I can understand that idea and see where people get it, though I think the word "abuse" becomes less and less dictionary-correct the farther to that end of the spectrum you go. It's certainly easy to turn something up to 11 if there's no rule saying it stops at 10 ... but then that doesn't exactly seem abusive, just extreme. Agree/disagree?

GnomeWorks
2014-06-29, 01:15 AM
"Rule Zero" is too ingrained in RPG culture at this point (What with hacks, homebrews, house rules, etc, etc) that it wouldn't do any good. Every GM is convinced they know better than the game designer. Most of them are wrong, but that doesn't stop them trying.

You may, though, be able to draw a distinction between homebrew material - that is, things made away from the table - and sudden rules-changes made at the table, to the benefit or detriment of someone at the table (player or DM).

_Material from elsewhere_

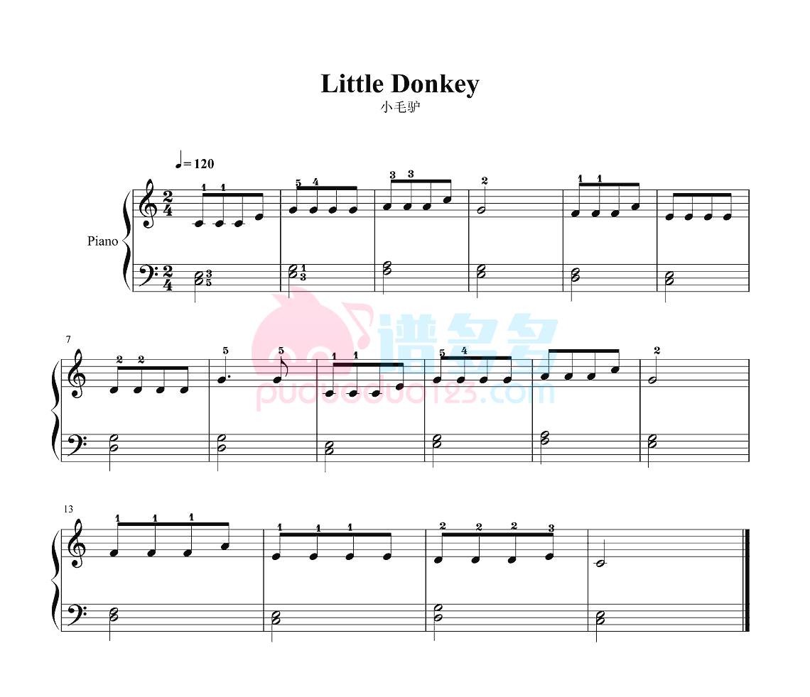 儿歌《小毛驴》钢琴谱

I'd think that the vast majority of players and GMs have no problem with someone making rules changes away from the table, so long as there's transparency. If a GM explains why they're changing a rule or puts it to a vote or what-have-you, that kind of "rule zero" is something that - I'm pretty sure - everybody can get behind.

It's the weird stuff that some GMs do at the table, making rulings that don't jive with the system or that just straight-up mess things up in some way, shape, or form, even if it's just that they mess with players' expectations of how the system is supposed to work.

NichG
2014-06-29, 01:52 AM
Improvisation is necessarily rules-light; this rewards players able to think quickly on their feet. By contrast, heavy rules reward careful planning and preparation. While charisma and interpersonal influence can certainly affect how a rules-heavy game operates (e.g. DM's significant other or the player who talks so well her character never makes social rolls), in theory it should not.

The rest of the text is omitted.